Commentary: ‘THIS IS OUR SELMA!’
In photo above: Dr. Martin Luther King Jr.
Remember our fight of yesterday; get ready for new fight
William J. Barber II, Guest Columnist
We are going into one of the most historic weeks of our lives.
49 years and 11 months ago, civil rights leaders, whose steps were covered in the blood of the martyrs, were anticipating the passage of the Voting Rights Act.
They would wait 31 more days, until August 6, 1965, for the to be signed into law.
Today we find ourselves fighting to hold on to the very things that they won 50 years ago.
This is no small moment and we have all been chosen for this.
The moment is bigger than any individual — it is a collective, Kairos moment.
Personally I am glad to be alive and glad to be on this righteous team with you.

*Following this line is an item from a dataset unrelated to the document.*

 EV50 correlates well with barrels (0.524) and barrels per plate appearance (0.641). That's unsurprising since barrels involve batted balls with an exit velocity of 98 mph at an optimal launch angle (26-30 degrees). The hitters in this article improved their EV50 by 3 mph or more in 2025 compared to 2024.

I know we were meant to be together, to fight together, and to serve this present age together.
So let us do it so well that in the ages to come someone will recall how we served, how we stood, and how we would not turn around.

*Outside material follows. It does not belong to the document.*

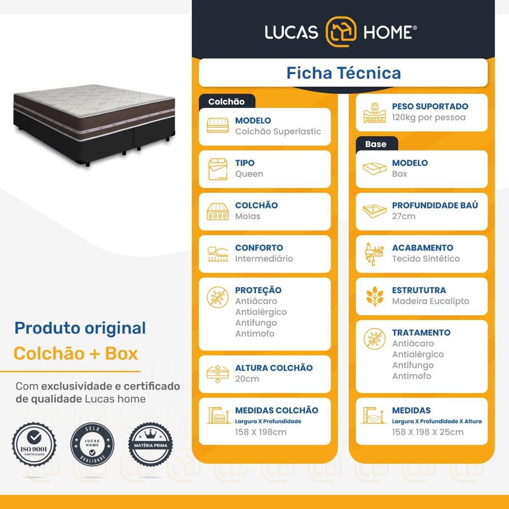 Cama Box com Colchão de Molas Ensacadas Anjos Classic Pocket Queen 158cm

The following is from “Give Us the Ballot,” Dr. Martin Luther King, Jr.’s Address at the Prayer Pilgrimage for Freedom (May 17, 1957):
‘Unfortunately, this noble and sublime decision has not gone without opposition. This opposition has often risen to ominous proportions. Many states have risen up in open defiance. The legislative halls of the South ring loud with such words as “interposition” and “nullification.”
But even more, all types of conniving methods are still being used to prevent Negroes from becoming registered voters. The denial of this sacred right is a tragic betrayal of the highest mandates of our democratic tradition. And so our most urgent request to the president of the United States and every member of Congress is to give us the right to vote. [Audience:] (Yes)
Give us the ballot, and we will no longer have to worry the federal government about our basic rights.
Give us the ballot (Yes), and we will no longer plead to the federal government for passage of an anti-lynching law; we will by the power of our vote write the law on the statute books of the South (All right) and bring an end to the dastardly acts of the hooded perpetrators of violence.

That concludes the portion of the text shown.